Previous studies reported that approximately 10% of patients with DLBCL had a positive EBER ISH status [6, 12]. However, the frequency of serum EBV DNA positivity in pretreated patients with lymphoma has not been elucidated. A retrospective study reported that 25% of PTCL patients showed elevated serum EBV DNA load, which was associated with shorter survival outcomes [13]. In this study, 30% of the patients had a positive serum EBV status. However, except for DLBCL, which had a 23.5% positive rate, the proportion of patients with other lymphoma subtypes was too small to be statistically significant. Therefore, larger sample sizes for each lymphoma subtype are required. Meanwhile, serum EBV positivity is more prevalent than tissue-based positive EBER ISH status according to previous studies [13, 14]. The frequency of serum EBV positivity may be higher than that of lymphoma tissue because >90% of the population is EBV seropositive regardless of lymphoma diagnosis. Therefore, validation studies confirming the clinical usefulness and standardization of serum EBV measurements are warranted. Given that the EBV status of patients with lymphoma shows potential as a novel biomarker for prognosis, serum EBV DNA status may be more clinically valuable. Furthermore, serum biomarkers can be evaluated after continuous, easy, and safe treatment is established as a concept of minimal residual disease.

While the present study showed the potential role of serum EBV status in predicting long-term clinical outcomes, the results should be cautiously interpreted due to certain limitations. First, data in this study were retrospectively analyzed. Second, this study included heterogeneous histologic subtypes, and no detailed information was provided on the treatments. In addition, the sample size, except for DLBCL, was too small to identify clinical significance. Third, we could not clarify the association between tissue and serum EBV infection. Lastly, comparison survival outcomes based on the viral load in serum EBV DNA and cut-off values should be explored in future studies.

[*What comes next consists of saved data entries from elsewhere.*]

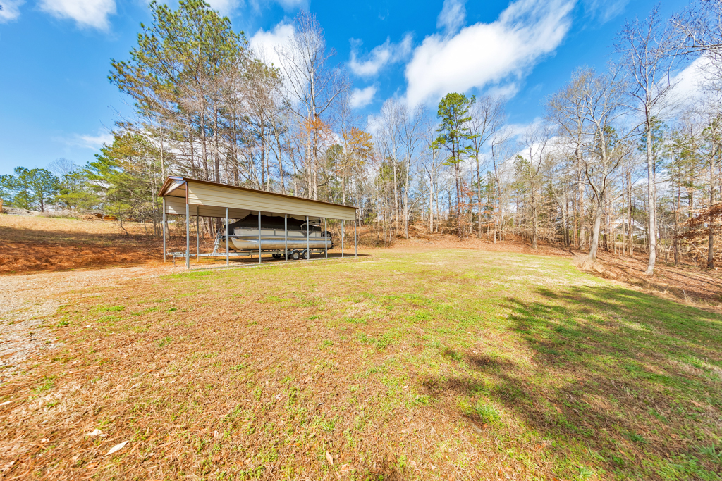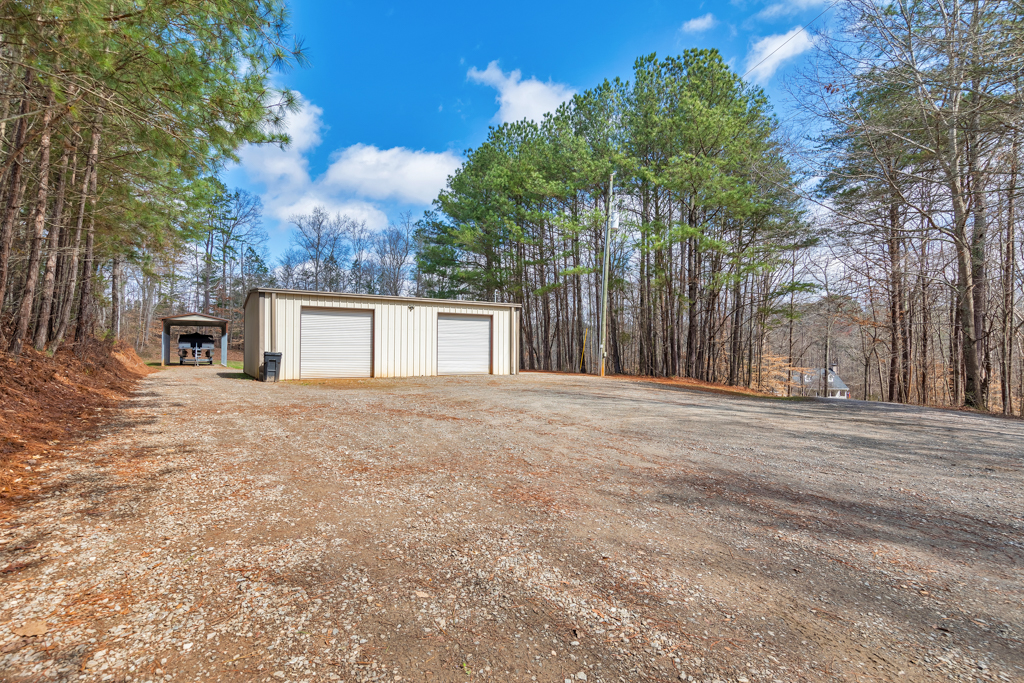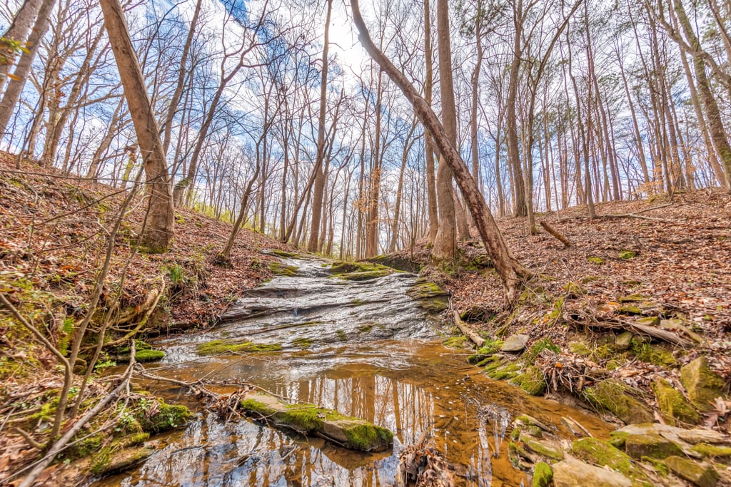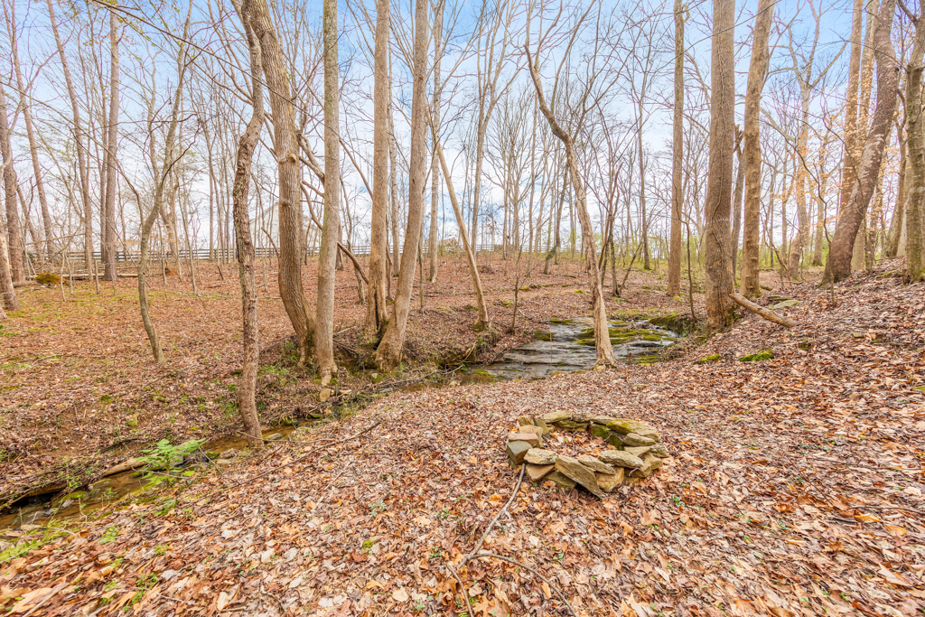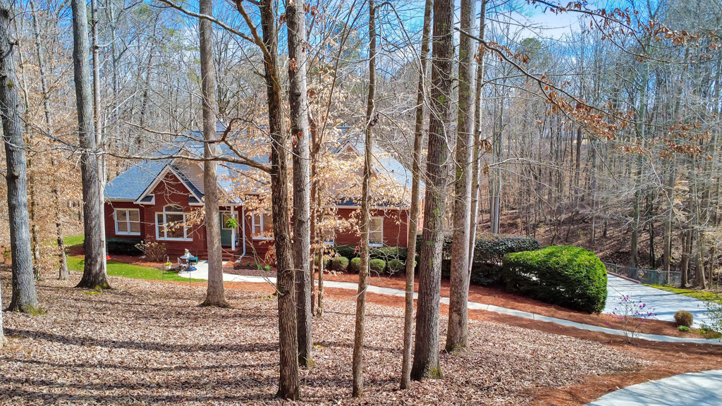 Tucked away on 4 serene acres in a coveted Canton setting, this exceptional property offers a rare blend of privacy, natural beauty, and versatility. Mature trees and expansive wooded surroundings frame a picturesque creek with a charming waterfall, creating a peaceful backdrop for everyday living. With a spacious workshop, RV/boat storage, and abundant room to explore, garden, or gather outdoors. The 4 bed / 3.5 bath residence welcomes you with a sun-filled floorplan where the foyer is flanked by a formal dining room and an office or sitting room. The living room impresses with soaring ceilings and a classic brick fireplace, creating a warm and inviting space. The eat-in kitchen offers both function and style with stainless steel appliances, granite countertops, abundant cabinetry, and a bright breakfast area overlooking the lush backyard. The main-level primary suite provides a private escape, featuring tray ceilings and a spacious bath with dual vanities, a jetted tub, a separate shower, and a large walk-in closet. Two additional bedrooms on the main level share a Jack and Jill bath and each include generous walk-in closets. The terrace level expands the living space with a kitchenette, full bath, bedroom, and a flexible bonus room with direct access to the back patio, well suited for guests, multigenerational living, or entertainment. Outdoors, a renovated deck overlooks the oversized fenced backyard, offering an inviting space for gatherings or quiet evenings surrounded by nature. A two-car garage and additional parking pad provide plenty of room for vehicles. The property also includes a large 30’ x 40’ workshop with 200-amp power and compressor lines, plus a covered 14’ x 35’ RV pad, offering convenience for hobbies, storage, or additional vehicles. The scenic creek and waterfall create a tranquil backdrop, while the generous acreage leaves ample room to add a pool or further customize the outdoor setting. Just minutes from top-rated schools, shopping, and dining in the desirable Hickory Flat area, this property blends privacy, functionality, and natural beauty into one extraordinary home.
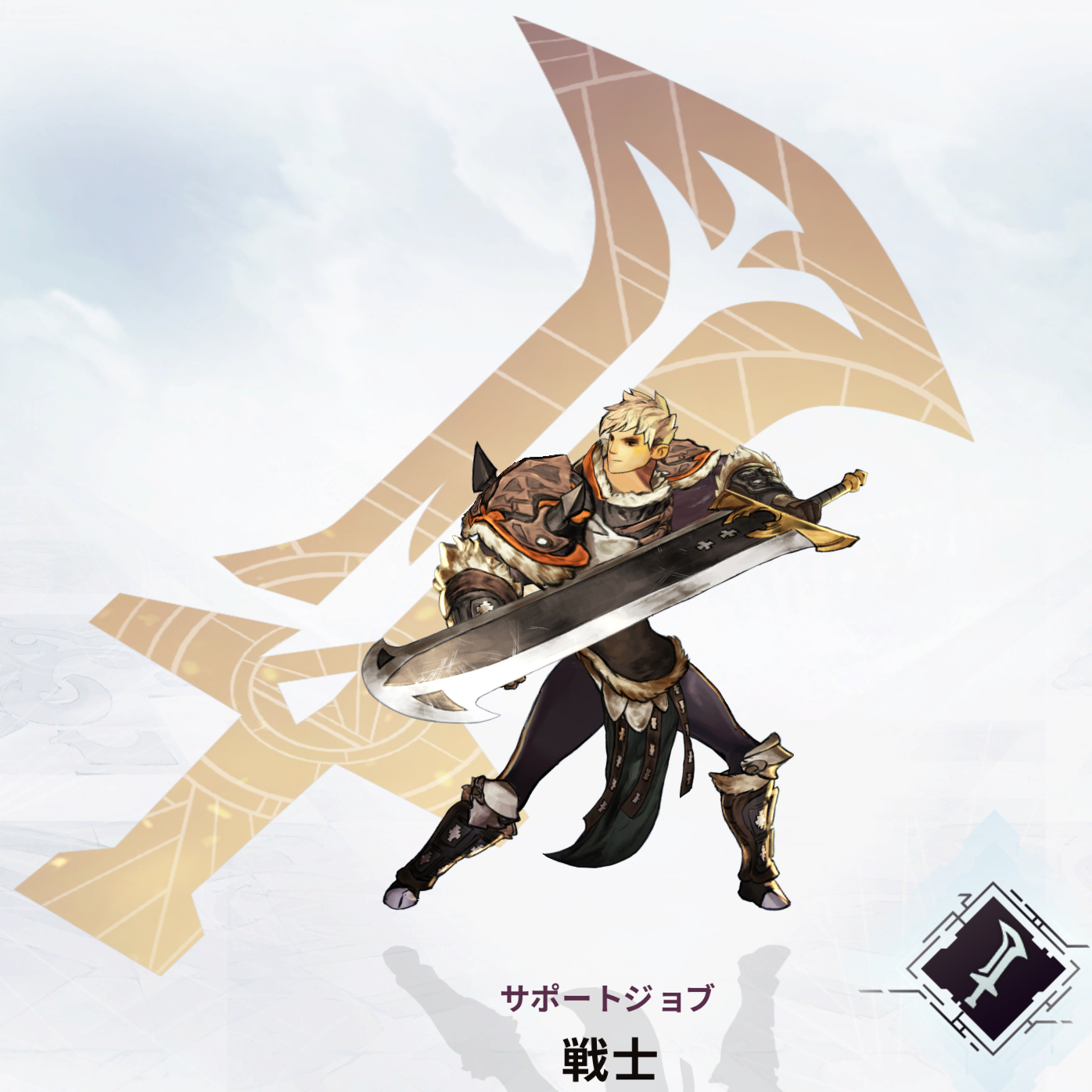 戦士は強力な両手剣を武器として戦う。パワフルな物理攻撃を得意とし、HP消費アビリティーを使用する。
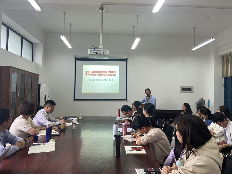 2022年5月24日下午,马克思主义基本原理教研室邀请福建省思想政治理论课教学指导委员会副主任委员、原福州大学beat365正版唯一官网院长庄穆教授做了题为“学习《德意志意识形态》经典著作,感受唯物史观逻辑与实践的力量”集体备课专题学习。教务处处长庄惠明参加了本次集体备课会,集体备课会由原理教研室主任黄玮老师主持。

In conclusion, this study demonstrated cell-free serum EBV status at the time of diagnosis as a potential prognostic marker for newly diagnosed lymphomas. B-cell lymphomas were shown to be more relevant than T-cell lymphomas in this study; however, well-designed studies with large samples for each lymphoma subtype are warranted to clarify the clinical impact of serum EBV status.